■ Dataset content ■
*** Block opens ***

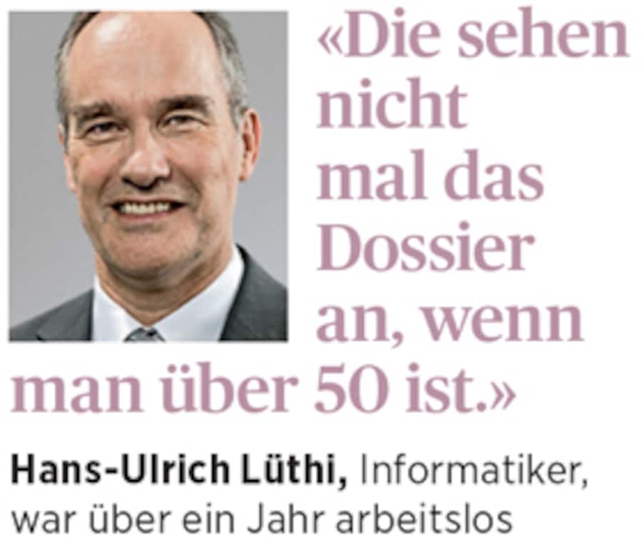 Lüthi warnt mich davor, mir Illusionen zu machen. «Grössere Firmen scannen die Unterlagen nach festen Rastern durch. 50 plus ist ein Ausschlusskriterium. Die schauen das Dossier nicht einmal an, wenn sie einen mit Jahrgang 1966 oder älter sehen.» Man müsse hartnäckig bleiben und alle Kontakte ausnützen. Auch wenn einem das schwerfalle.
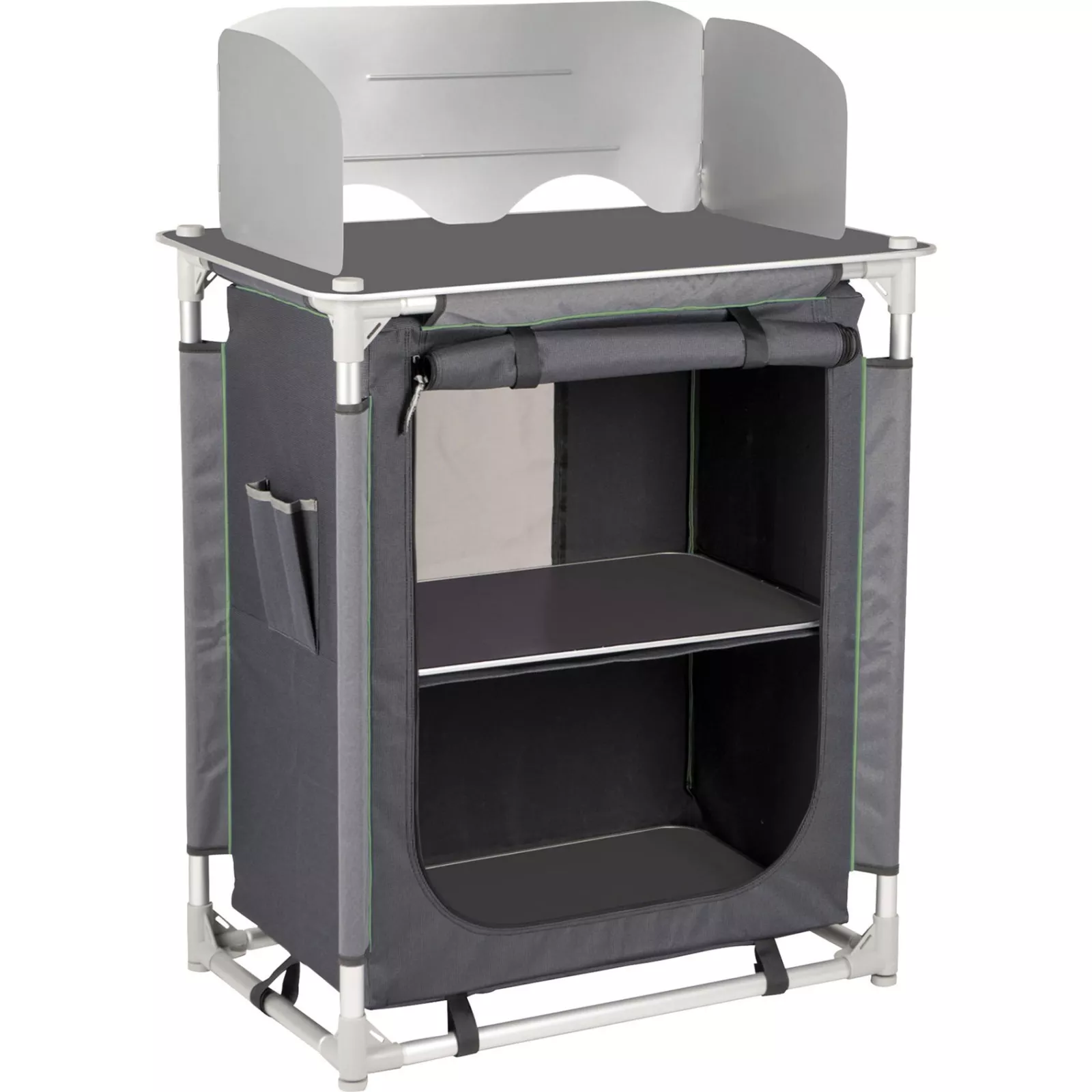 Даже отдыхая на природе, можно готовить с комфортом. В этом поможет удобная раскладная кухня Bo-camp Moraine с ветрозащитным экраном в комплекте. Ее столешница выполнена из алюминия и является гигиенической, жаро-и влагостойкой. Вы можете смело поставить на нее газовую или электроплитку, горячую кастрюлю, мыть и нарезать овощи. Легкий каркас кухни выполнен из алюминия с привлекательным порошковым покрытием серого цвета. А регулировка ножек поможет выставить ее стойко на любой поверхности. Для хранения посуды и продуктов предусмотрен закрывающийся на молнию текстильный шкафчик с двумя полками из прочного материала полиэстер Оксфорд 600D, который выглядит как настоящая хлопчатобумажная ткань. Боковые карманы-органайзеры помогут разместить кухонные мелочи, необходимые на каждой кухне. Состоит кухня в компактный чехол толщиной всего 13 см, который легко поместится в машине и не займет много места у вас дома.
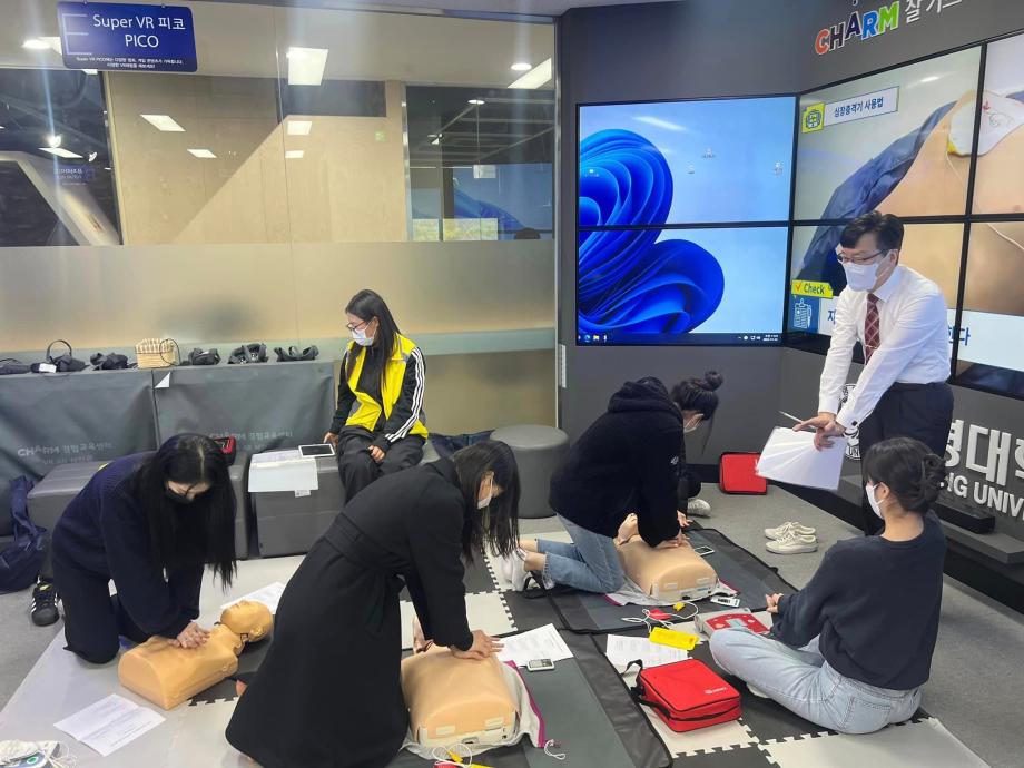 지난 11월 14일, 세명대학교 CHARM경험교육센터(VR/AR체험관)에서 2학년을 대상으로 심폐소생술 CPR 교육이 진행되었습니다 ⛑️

*** Block closes ***

■ Description of the task ■
Print the material again word for word. Please drop every picture.

■ Output for this task ■
 Lüthi warnt mich davor, mir Illusionen zu machen. «Grössere Firmen scannen die Unterlagen nach festen Rastern durch. 50 plus ist ein Ausschlusskriterium. Die schauen das Dossier nicht einmal an, wenn sie einen mit Jahrgang 1966 oder älter sehen.» Man müsse hartnäckig bleiben und alle Kontakte ausnützen. Auch wenn einem das schwerfalle.
 Даже отдыхая на природе, можно готовить с комфортом. В этом поможет удобная раскладная кухня Bo-camp Moraine с ветрозащитным экраном в комплекте. Ее столешница выполнена из алюминия и является гигиенической, жаро-и влагостойкой. Вы можете смело поставить на нее газовую или электроплитку, горячую кастрюлю, мыть и нарезать овощи. Легкий каркас кухни выполнен из алюминия с привлекательным порошковым покрытием серого цвета. А регулировка ножек поможет выставить ее стойко на любой поверхности. Для хранения посуды и продуктов предусмотрен закрывающийся на молнию текстильный шкафчик с двумя полками из прочного материала полиэстер Оксфорд 600D, который выглядит как настоящая хлопчатобумажная ткань. Боковые карманы-органайзеры помогут разместить кухонные мелочи, необходимые на каждой кухне. Состоит кухня в компактный чехол толщиной всего 13 см, который легко поместится в машине и не займет много места у вас дома.
 지난 11월 14일, 세명대학교 CHARM경험교육센터(VR/AR체험관)에서 2학년을 대상으로 심폐소생술 CPR 교육이 진행되었습니다 ⛑️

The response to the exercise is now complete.